CES analisa diversidade de género na infância

Simão Mota

Objetivo é educar profissionais que lidam com crianças e jovens. Proposta visa ultrapassar invisibilidade estrutural do tema. Por Ana Haeitmann e Carlos Torres

Um projeto de combate à violência e discriminação vividas por crianças e adolescentes LGBTQI+ está a ser desenvolvido no Centro de Estudos Sociais (CES) da Universidade de Coimbra. Intitulada de “DaC – Diversity and Childhood: transformar atitudes face à diversidade de género na infância no contexto europeu”,  a investigação vai ter a duração de dois anos. Esta integra um consórcio europeu composto por nove países e é financiada pelo programa Direitos, Igualdade e Cidadania da Comissão Europeia (UE).

Segundo Ana Cristina Santos, coordenadora do trabalho, este tem como finalidade colmatar a ausência de dados relativos à ligação das crianças e adolescentes com as instituições que os acolhem. Com a motivação de “ultrapassar uma invisibilidade estrutural do tema”, apresenta-se um conjunto de medidas. Em destaque estão a preparação de um manual pedagógico dirigido aos profissionais das áreas da educação, saúde e comunicação social e a criação de um ‘site’ interativo, refere.

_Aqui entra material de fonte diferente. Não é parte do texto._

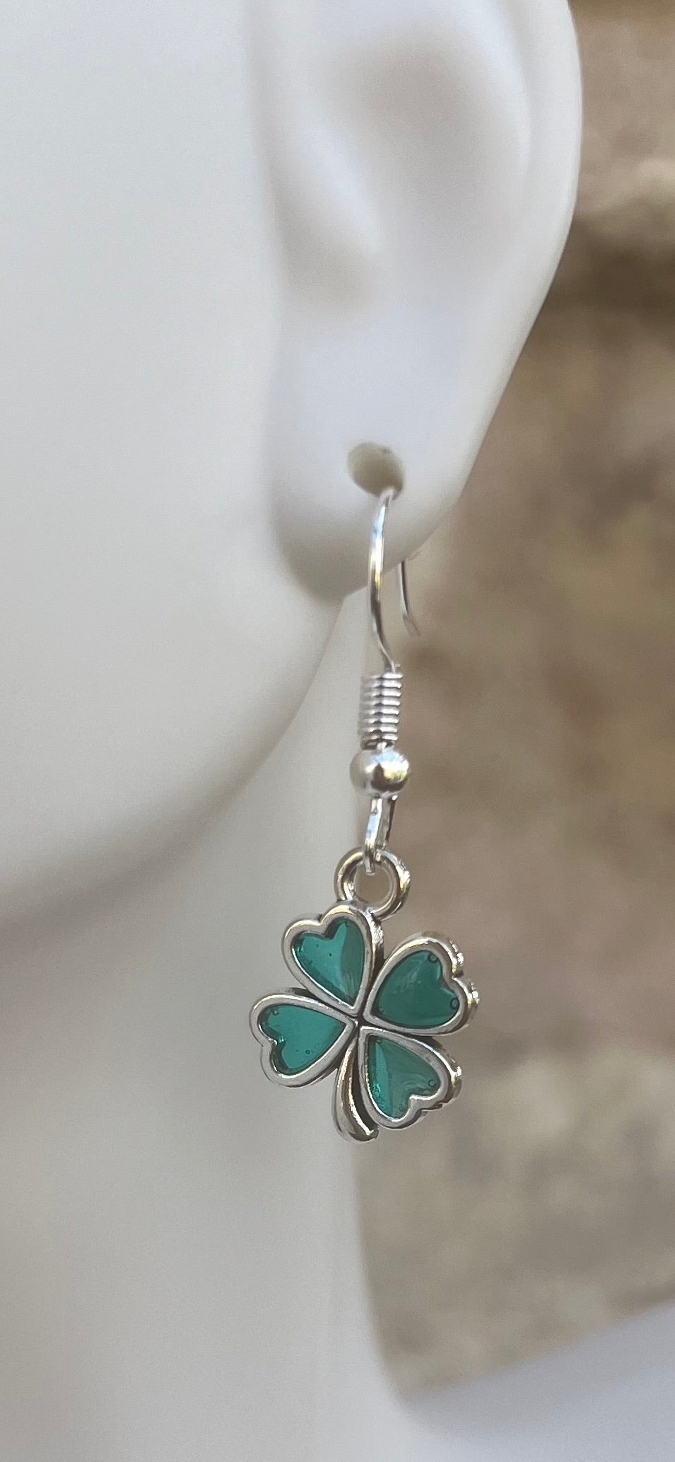 Add a touch of luck and love to your outfit with our Four Leaf Clover Shamrock earrings. These earrings are not only a symbol of good luck, but also of pure love and happiness. Perfect for St. Patrick's Day or any day you want to spread some positivity. Made of high-quality epoxy and colorant, these green earrings are sure to make a statement.

A candidatura do projeto contou com o apoio do Ministério da Educação e da Associação de Jovens LGBTI da rede ex aequo. Em particular, a parceria com a rede ex aequo vai contribuir com relatórios anuais baseados em testemunhos, revelou a coordenadora. O arquivo contém denúncias de jovens, funcionários e docentes, que presenciaram ou viveram situações de discriminação com base na identidade de género e na orientação sexual.

Sempre com o propósito de “cumprir a Constituição da República Portuguesa, no seu princípio da Igualdade”, realça a coordenadora, o CES tem em curso uma outra proposta no mesmo âmbito, o CILIA LGBTQI+. Com um foco diferente do primeiro, analisa as desigualdades na comunidade LGBTQI+ em três etapas diferentes da vida: “início da vida ativa, meio da carreira e transição para a reforma”, complementa.

Ana Cristina Santos salientou ainda o envolvimento indireto com o programa Portugal + Igual. Este serviu de inspiração ao “identificar um conjunto de medidas urgentes de prevenção e combate às diversas formas de exclusão”. Todas estas ideias atuam na linha do novo despacho da lei de identidade de gênero implementado neste ano letivo, com expressão nos espaços escolares.